Income inequality damaging Canadian economy

While the rich keep getting richer and the poor get poorer, new research is showing that income inequality is harmful to a country’s economic growth.

Federal action needed to protect Canada’s prosperity, economics professor says

A TD study from April found the middle-class and low-income people are falling behind. (Shutterstock)

While the rich keep getting richer and the poor get poorer, new research is showing that income inequality is harmful to a country’s economic growth.

Earlier this month, the OECD published a watershed document on income inequality that has gone unnoticed in Canada. The author, Frederico Cingano, argues there is a “sizeable and statistically negative” relationship between income inequality and economic growth.

He also concludes that raising income taxes on the rich can help the situation, rather than reducing growth.

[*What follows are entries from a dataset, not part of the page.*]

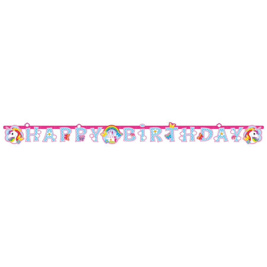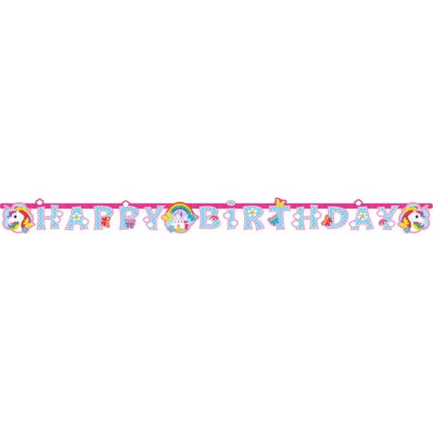Narozeninová girlanda Happy Birthday Unicorn. Rozměry 180 x 15 cm.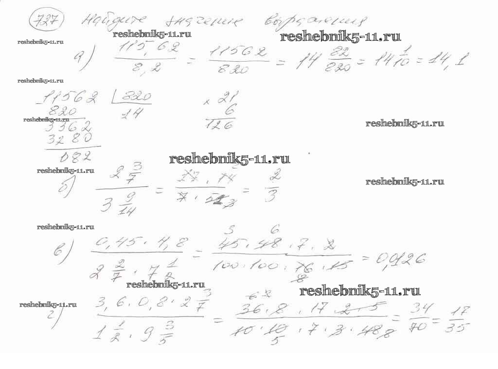 Готовая домашняя работа с ответами по Математике за 6 класс Зубарева, Мордкович Учебник Мнемозина 2015 ФГОС - Упражнения 727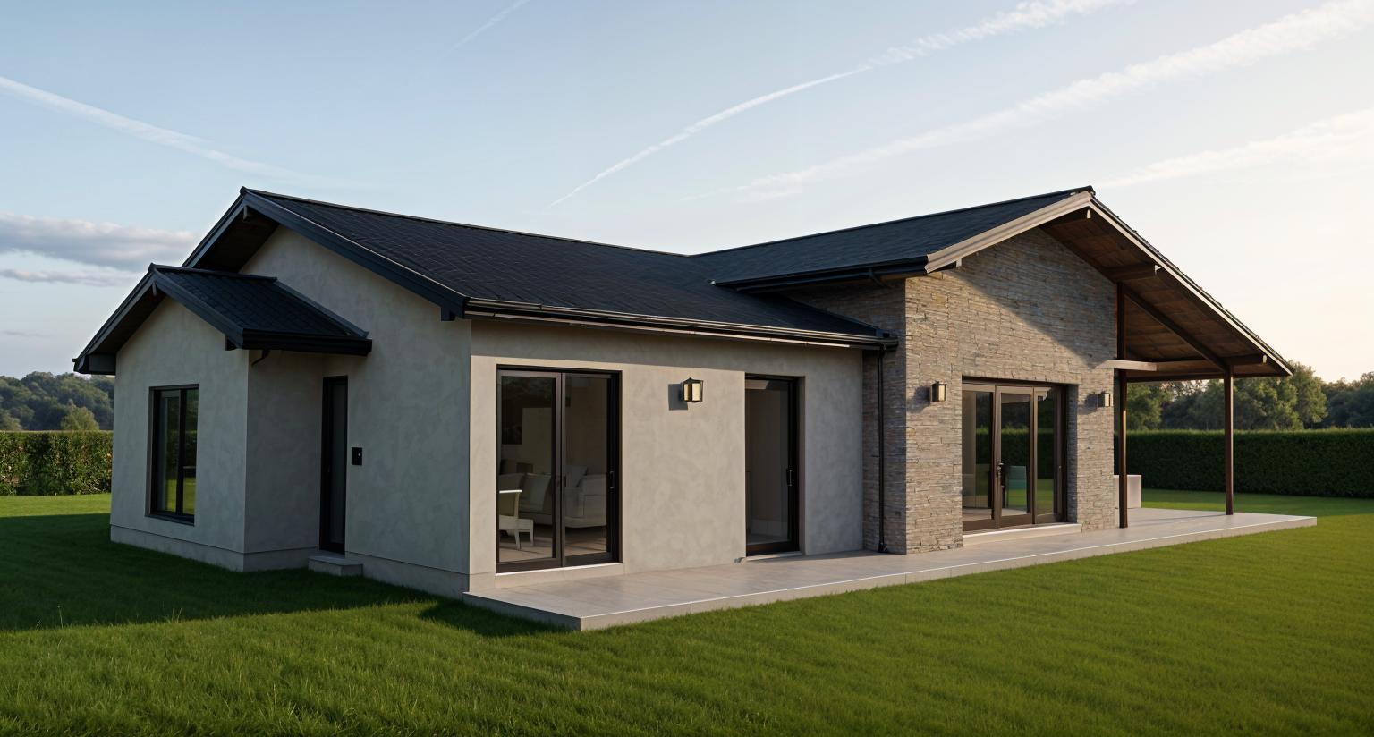 modernist exterior shot modern architecture grenn grass and trees in background architecture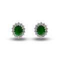 These elegant Diana-style earrings feature radiant natural emeralds set in a sophisticated design, accentuated by a halo of sparkling moissanite stones. Inspired by the timeless elegance of Princess Diana, these earrings combine the vibrant green of the emeralds with the brilliance of moissanites.

This report now echoes similar studies by the United Nations and the International Labour Organization, which all argued that reduced inequality promotes economic growth. So what are we waiting for?

Income inequality has today become the single most important economic issue in Canada and around the world, and one of the main issues that threatens our prosperity in the long run. 

Canada cannot be considered a prosperous country while being witness to the scourge of growing inequality of income and wealth. Governments must now make this issue their top priority or risk seeing our economy bounce around from one economic crisis to another.

In Canada, income inequality has exploded.  For example, in the last three decades the share of income owned by the top one per cent has gone from eight per cent in 1982 to 13.3 per cent in 2010.  After taxes, it went from 6.3 to 9.9 per cent. 

We must put an end to growing inequalities and must take concrete steps today to reduce it, or risk living with permanent lower average economic growth. 

Here are eight simple policies to achieve this end:

1.  Governments must make job creation their mission.  In fact, nothing short of a full employment policy will do.  Since when is unemployment an acceptable social and economic end?

2. We must raise the minimum wage and make sure that it is sufficient for Canadians to live on.  The Canadian Centre for Policy Alternatives estimates that for two working parents with two children, the living wage in Toronto should be $16.60 an hour and $14.07 in Winnipeg, a far cry of where it stands now. Many studies show raising the minimum wage does not hurt employment nor does it cause slower growth.  In fact, the contrary is true. 

3. We should adopt a guaranteed annual income for all working Canadians. There are many variations of this policy, and more work needs to be done to determine the best program for Canada, but the central idea is a sound one.

4. We must implement an inheritance tax, in order to avoid the transfer of tax-free wealth from one generation to another. Canada remains to this day one of the only industrialized countries without an inheritance tax.

5. We must cap corporate annual bonuses. It has become common for corporate CEOs to make six and sometimes seven-figure bonuses. Bonuses are certainly valid in many instances, but the practice has become extreme.

6. We must raise the number of tax brackets and marginal tax rates on higher income. We now have evidence that high or higher taxes on income do not hinder growth. So what’s stopping governments from raising the marginal tax rate on higher income to 60 per cent or even 70 per cent? Canada’s tax system has become considerably less progressive in recent years.

7. We must encourage increased unionization. This will allow workers to be better protected and in general have higher wages and better benefits.

8. We must reconsider taxes on capital gains. We must consider all capital gains as taxable income. 

As the OECD and other reports imply, the days of Thatcher-Reagan trickle-down or voodoo economics are over.  We now know that lower taxes on the rich do not promote growth.

Reducing income inequality is no longer seen as this utopian pie-in-the-sky social ideal, but rather, an instrumental component of prosperity and growth. Hopefully these reports will pave the way toward a much-needed dialogue on inequality in Canada that is long-overdue.

Many will consider these policy proposals as radical, when in fact doing nothing about inequality threatens the very economy we are all trying to save.

What is now missing is the political will. None of the federal parties have committed themselves to a serious discussion of income inequality, except for some media sound-bites. Time is running short. We must demand changes now.

Louis-Philippe Rochon is an associate professor of economics at Laurentian University and the co-editor of the Review of Keynesian Economics.